━━ SUPPLIED MATERIAL ━━

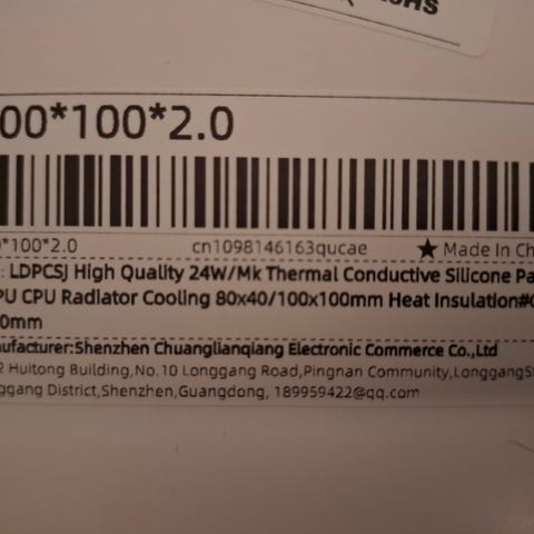 Ylimääräiseksi jäänyt täysin käyttämätön thermal pad matto. Katso kuvasta tarkemmat tiedot.
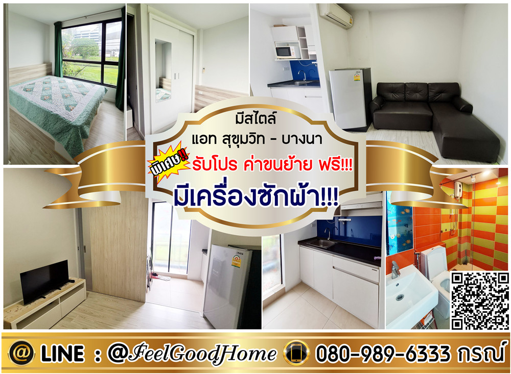 ***For rent, Stylish Bangna (washing machine!!! + 2 air conditioners!!!) *Get a special promotion* LINE: @Feelgoodhome (with @ in front) ============================== Accepting deposits for houses and condos for urgent rent!!!! TEL: Contact number Korn Line: @Feelgoodhome (with @ in front) https://lin.ee/ovdtqth * (Please capture the screen and show it on LINE) * ============================ *** Get a promotion!!! Moving fee 1000 baht *** ============================= *Special!!! Reduced to 8,000 (from 9,000) 1 month in advance / 2 months deposit (1 year contract) Parking + fitness + swimming pool (free use!!!) ============================ • Width: 28 sq m • Floor: 2 - Top loading washing machine - 2 air conditioners - Water heater, microwave, refrigerator, TV ============================= (Next to Central Bangna / Big C Bangna)
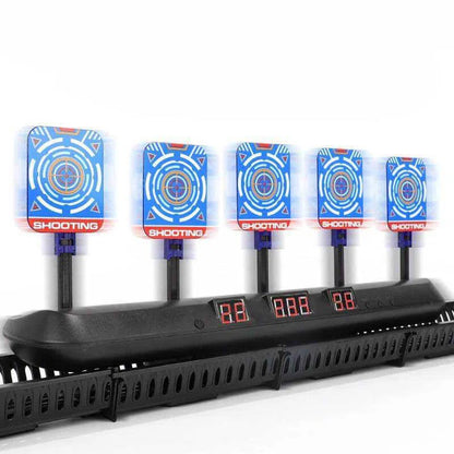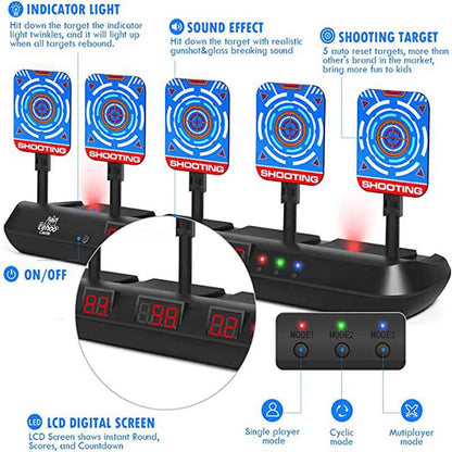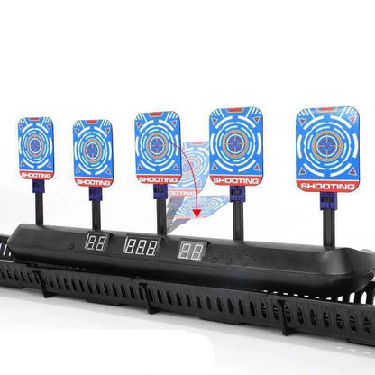 Fordern Sie sich selbst heraus mit dem elektronischen Laufschießgerät mit automatischer Rückstellung und 5 Zielscheiben. Mit automatischer Rückstellung, langer Laufschiene, digitalem LCD-Display und Soundeffekten werden Ihre Schießkünste auf die Probe gestellt. Einfach zu installieren und batteriebetrieben – die perfekte Ergänzung für Ihr Schießerlebnis. Auf geht's!
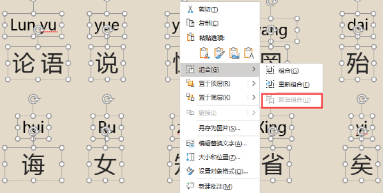 全选所有文字,不断重复右键【组合】——【取消组合】,直到【取消组合】变成灰色。
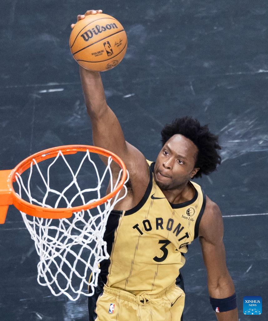 O.G. Anunoby of Toronto Raptors dunks during the 2023-2024 NBA In-Season Tournament game between Toronto Raptors and Chicago Bulls in Toronto, Canada, on Nov. 24, 2023. (Photo by Zou Zheng/Xinhua)
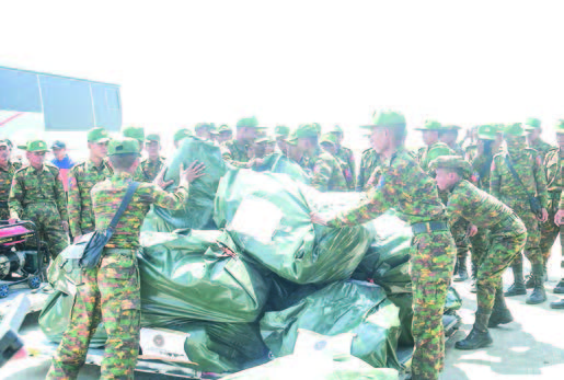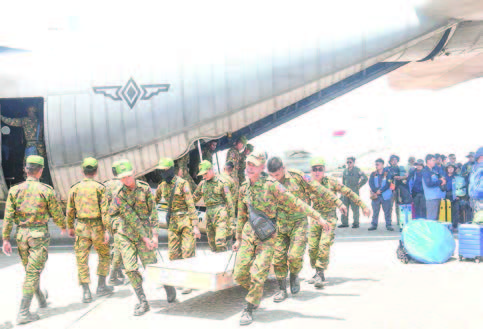 INTERNATIONAL rescue and medical teams arrived at Nay Pyi Taw Tatmadaw Airport according to their respective flight schedules yesterday morning as the government continues to carry out rescue and relief efforts in earthquake-impacted areas.
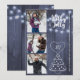 Rustik lantlig vinterstil semester kort på en marinblå lada trä bakgrund med strängar av gnistrande ljus med en collage av tre bilder, en stor vit "Holly Jolly" typografi stil, ett klotter handritat julgran och ett hjärtat monogram. +++++++++++ Personifiera det med dina bilder, familj monogram och signatur!
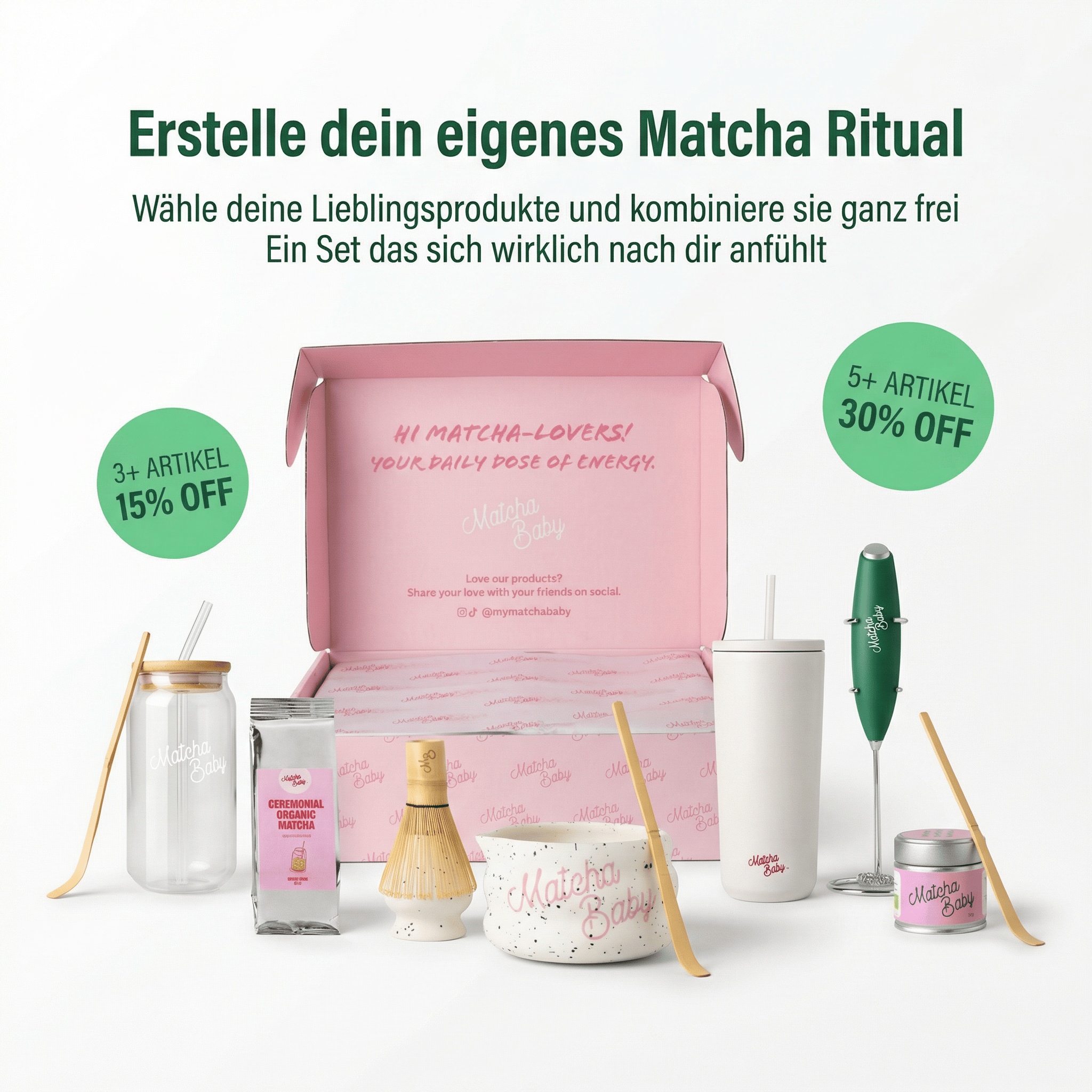 Das Matcha Pulver von Matcha Baby ist vielseitig einsetzbar und kann auf verschiedene Arten genossen werden. Du kannst es als traditionellen Matcha-Tee zubereiten, indem du das Pulver wie folgt mit heißem Wasser aufschäumst: Zubereitung: 1 Teelöffel Matcha in ein Glas geben, 30 ml Wasser ergänzen und mit Hilfe von unserem Schäumer in sekundenschnelle cremig rühren. Auf unserem Blog findest du leckere Rezepte, die dir zeigen, wie vielseitig Matcha sein kann.
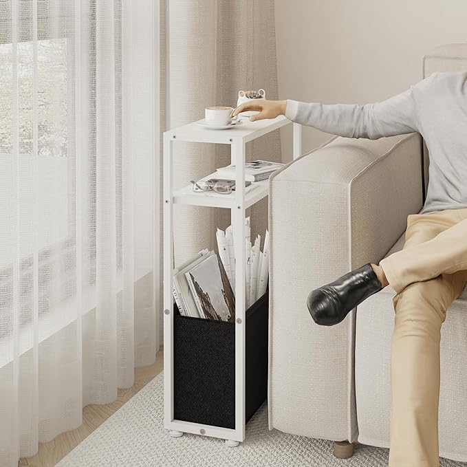 Narrow Side Table, Slim End Tables with Fabric Basket, Skinny Table for Small Spaces, Thin Bedside Table for Living Room, Bedroom, White, ZBZ01
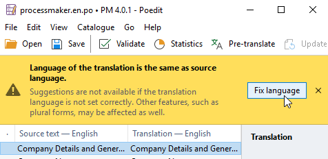 - 4. Click Fix language.
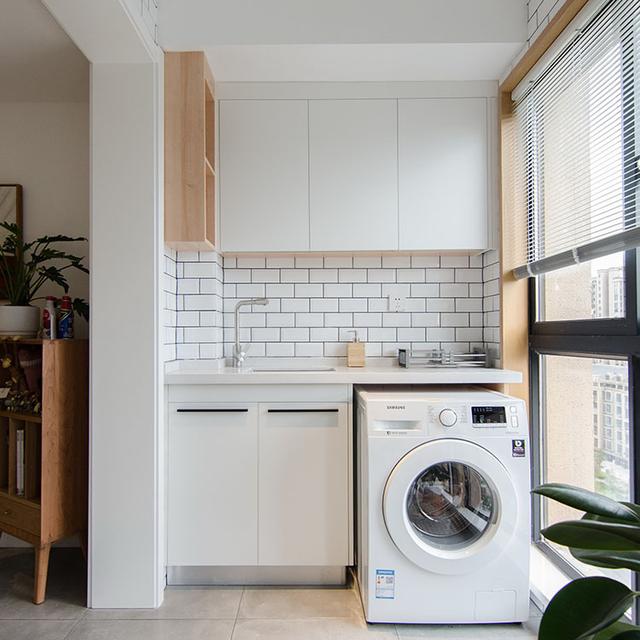 客厅阳台改造成一间洗衣房,与客厅之间采用开放式的设计,还打造了一面大尺寸的落地窗,从而让室内显得更加敞亮。洗衣柜根据户型量身打造,将洗衣机很好的镶嵌在其中,显得非常整齐大方,日常洗衣服更加轻松。
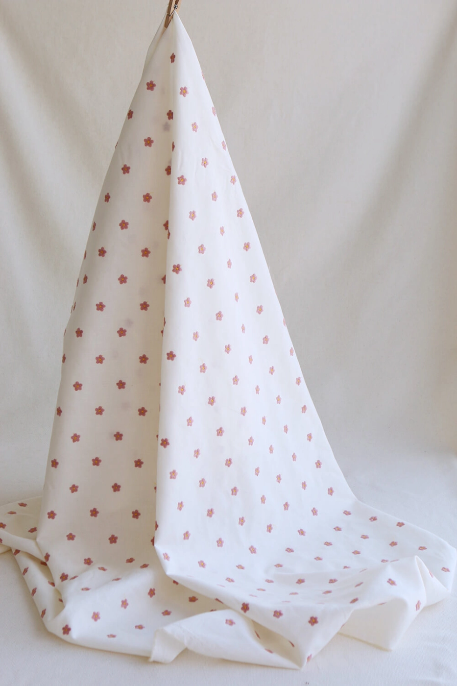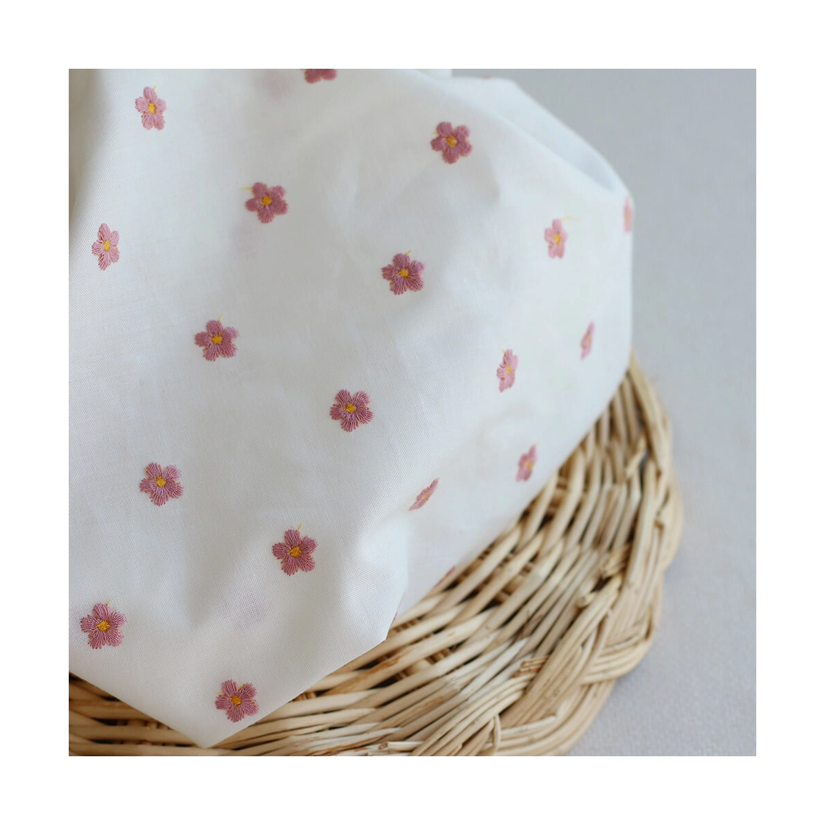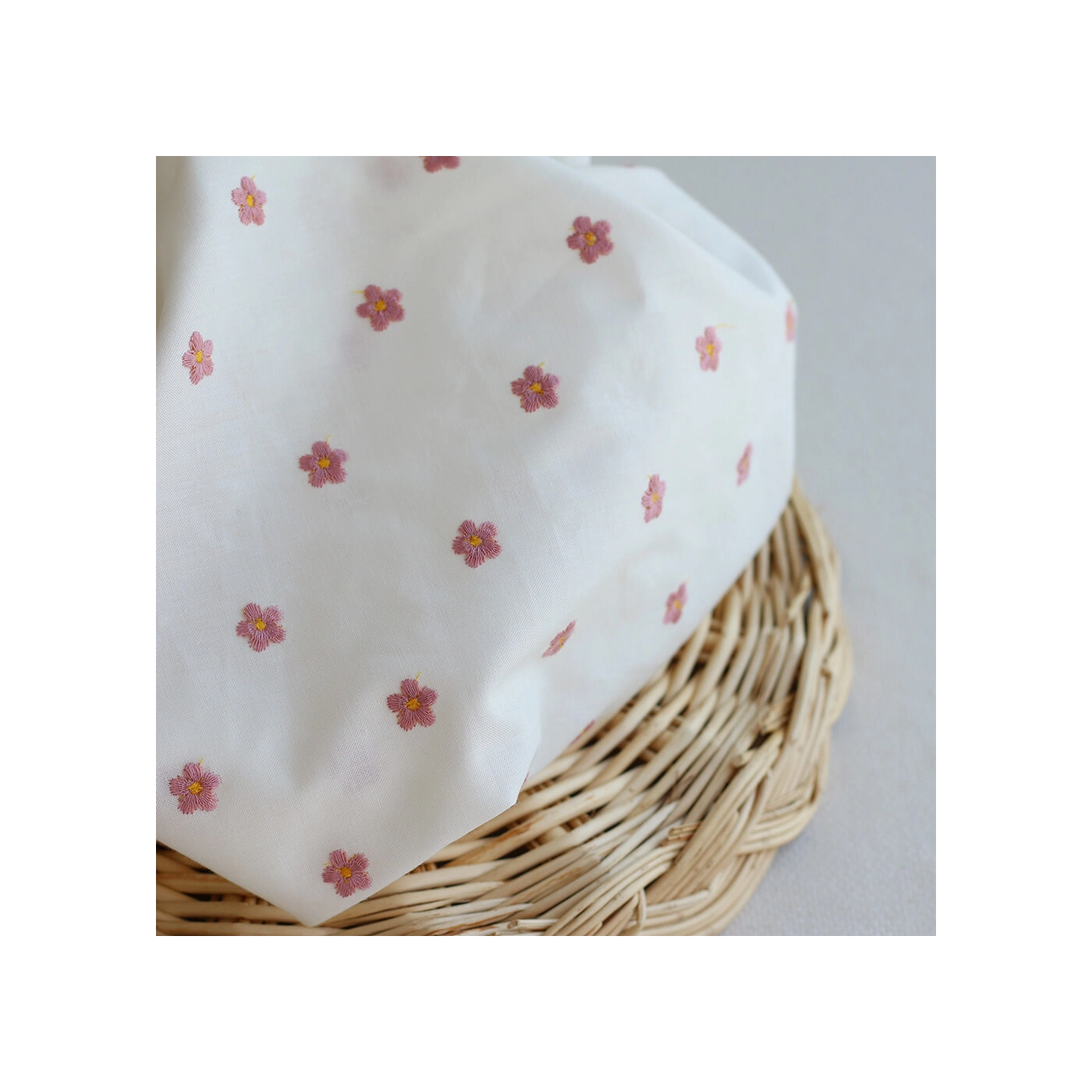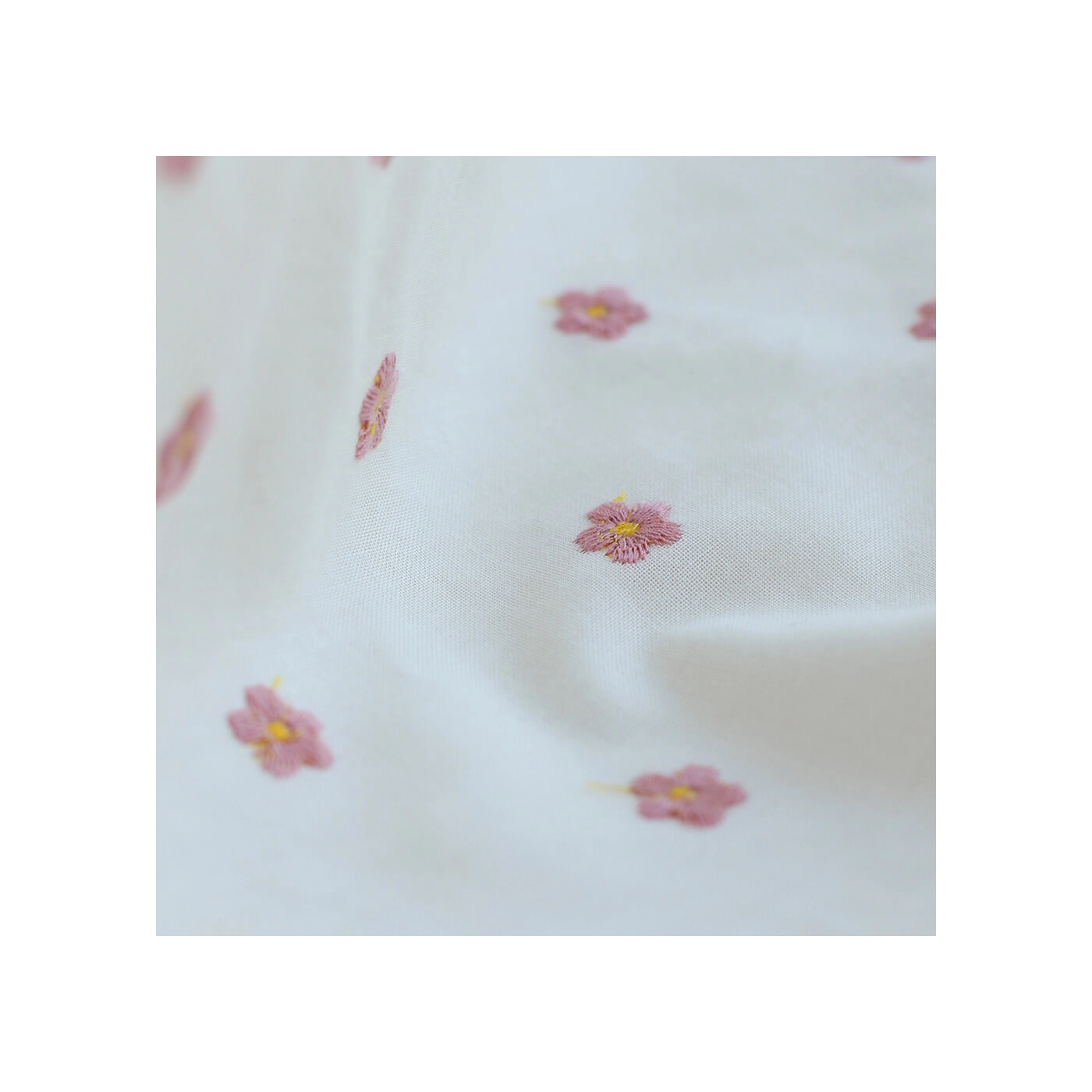 Elvina - Double gaze de coton brodée vichy mauve broderie fleur

━━━

_AIM OF THE TASK_: Locate "Fordern Sie sich" in the entries above. Copy, exactly and only, the lines from that line to the end, leaving out the pictures.

_RESULT_:
 Fordern Sie sich selbst heraus mit dem elektronischen Laufschießgerät mit automatischer Rückstellung und 5 Zielscheiben. Mit automatischer Rückstellung, langer Laufschiene, digitalem LCD-Display und Soundeffekten werden Ihre Schießkünste auf die Probe gestellt. Einfach zu installieren und batteriebetrieben – die perfekte Ergänzung für Ihr Schießerlebnis. Auf geht's!
 全选所有文字,不断重复右键【组合】——【取消组合】,直到【取消组合】变成灰色。
 O.G. Anunoby of Toronto Raptors dunks during the 2023-2024 NBA In-Season Tournament game between Toronto Raptors and Chicago Bulls in Toronto, Canada, on Nov. 24, 2023. (Photo by Zou Zheng/Xinhua)
 INTERNATIONAL rescue and medical teams arrived at Nay Pyi Taw Tatmadaw Airport according to their respective flight schedules yesterday morning as the government continues to carry out rescue and relief efforts in earthquake-impacted areas.
 Rustik lantlig vinterstil semester kort på en marinblå lada trä bakgrund med strängar av gnistrande ljus med en collage av tre bilder, en stor vit "Holly Jolly" typografi stil, ett klotter handritat julgran och ett hjärtat monogram. +++++++++++ Personifiera det med dina bilder, familj monogram och signatur!
 Das Matcha Pulver von Matcha Baby ist vielseitig einsetzbar und kann auf verschiedene Arten genossen werden. Du kannst es als traditionellen Matcha-Tee zubereiten, indem du das Pulver wie folgt mit heißem Wasser aufschäumst: Zubereitung: 1 Teelöffel Matcha in ein Glas geben, 30 ml Wasser ergänzen und mit Hilfe von unserem Schäumer in sekundenschnelle cremig rühren. Auf unserem Blog findest du leckere Rezepte, die dir zeigen, wie vielseitig Matcha sein kann.
 Narrow Side Table, Slim End Tables with Fabric Basket, Skinny Table for Small Spaces, Thin Bedside Table for Living Room, Bedroom, White, ZBZ01
 - 4. Click Fix language.
 客厅阳台改造成一间洗衣房,与客厅之间采用开放式的设计,还打造了一面大尺寸的落地窗,从而让室内显得更加敞亮。洗衣柜根据户型量身打造,将洗衣机很好的镶嵌在其中,显得非常整齐大方,日常洗衣服更加轻松。
 Elvina - Double gaze de coton brodée vichy mauve broderie fleur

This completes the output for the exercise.